• _WHAT YOU NEED TO DO_: Would you restate, word for word, only the lines starting at the one with "Cuco, la lámpara" and ending with the final line of the entries below? Pictures stay out.

******************************

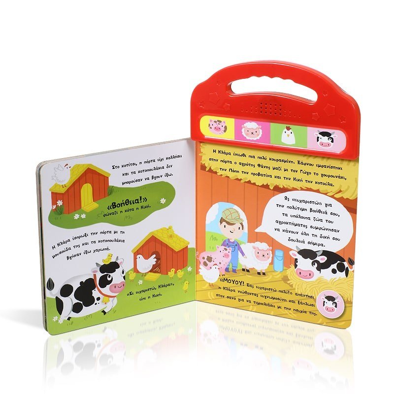 Η αγελαδίτσα Κλάρα έχει πολλή δουλειά στο αγρόκτημα, όμως το μόνο που θέλει είναι να κοιμηθεί…Παίξε με τους τέσσερις διασκεδαστικούς ήχους ζώων και ζωντάνεψε την ιστορία, που προβάλλει την αξία της αλληλεγγύης. Με το πρακτικό χερουλάκι του, το βιβλίο αυτό είναι ιδανικό για τους μικρούς αναγνώστες που θέλουν να το έχουν συνέχεια μαζί τους!
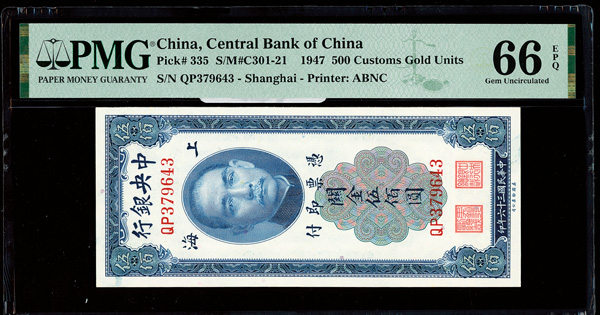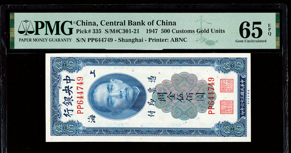 1151 imageChina, 1947 500 Customs Gold Units, Central Bank Of China, S/M#C301-21, PMG 66 Gem Uncirculated EPQ (Pick-335) (Image1) (Image2) (All Images)
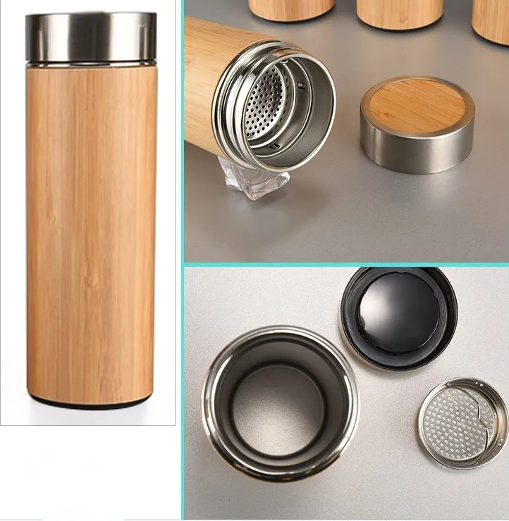 2019 New Design bamboo Insulated Water Bottle high quality bamboo vacuum flask thermal coffee mug stainless steel
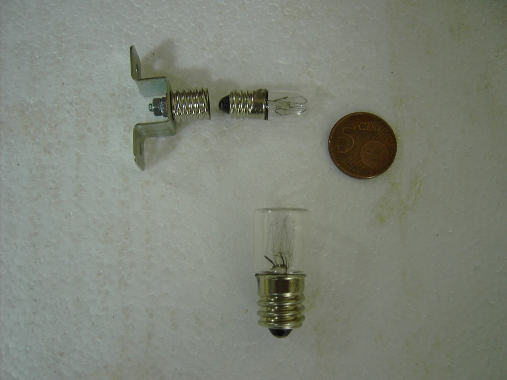 Cuco, la lámpara superior es de 230V - 5W y la pequeña 230V - 2W.
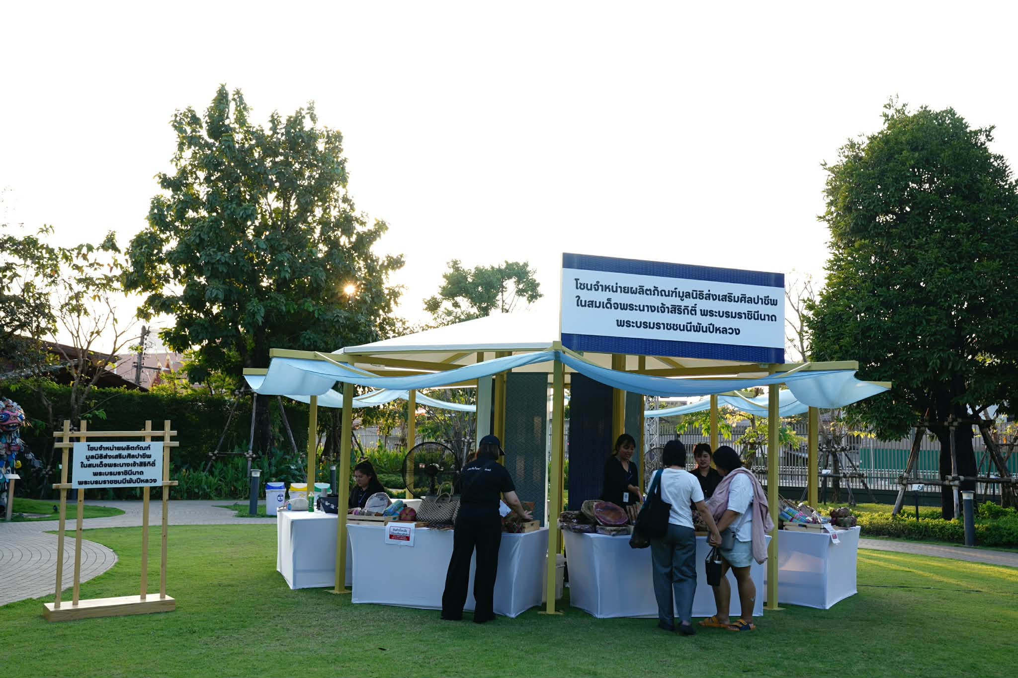 พร้อมทั้งเลือกซื้อผลิตภัณฑ์จากมูลนิธิส่งเสริมศิลปาชีพ ในสมเด็จพระนางเจ้าสิริกิติ์ พระบรมราชินีนาถ พระบรมราชชนนีพันปีหลวง ผลิตภัณฑ์งานฝีมือคุณภาพจากภูมิปัญญาท้องถิ่นที่คัดสรรมาอย่างดี สะท้อนคุณค่าหัตถกรรมไทยสู่สายตาโลก

******************************

• _RESPONSE TO THIS TASK_:
 Cuco, la lámpara superior es de 230V - 5W y la pequeña 230V - 2W.
 พร้อมทั้งเลือกซื้อผลิตภัณฑ์จากมูลนิธิส่งเสริมศิลปาชีพ ในสมเด็จพระนางเจ้าสิริกิติ์ พระบรมราชินีนาถ พระบรมราชชนนีพันปีหลวง ผลิตภัณฑ์งานฝีมือคุณภาพจากภูมิปัญญาท้องถิ่นที่คัดสรรมาอย่างดี สะท้อนคุณค่าหัตถกรรมไทยสู่สายตาโลก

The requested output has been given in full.